All results presented in this thesis are in early stage in a way to the system capable to recognize majority of bird species in Finland. More research is needed at the all stages of this system.
Current database has a relatively large number of recordings. However for the majority of species the number of recordings and individuals is not sufficiently large for reliable
species recognition experiments. The database is updated regularly and more recordings will be added to it. Because the recordings in the current database have been taken from many sources there are large differences in the documentation of recordings. Especially some commercially available recordings lack detailed documentation of the recordings.
Another problem is that different sounds are not systematically annotated at any level. This information would be useful when studying structural models of series of syllables.
As mentioned earlier segmentation is a crucial part for subsequent steps of classification.

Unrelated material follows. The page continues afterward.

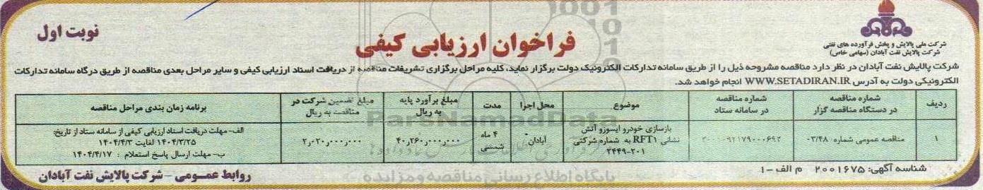 2001092179000692  بازسازی خودرو ایسوزو و آتش نشانی RFT1 به شماره شرکتی 201-2449 آبادان 4 ماه شمسی 40.260.000.000 2.020.000.000

Currently a little of spectral information is used in segmentation of syllables. Usage of spectral information would improve performance of segmentation especially in the context of syllables that overlap in the time domain and syllables that do not have clear pauses between them. Performance of segmentation phase could be improved by making more accurate noise level detection and thresholding for syllables. Also different threshold could be used for onset and offset detection of the syllable instead of the same value, which is currently in use.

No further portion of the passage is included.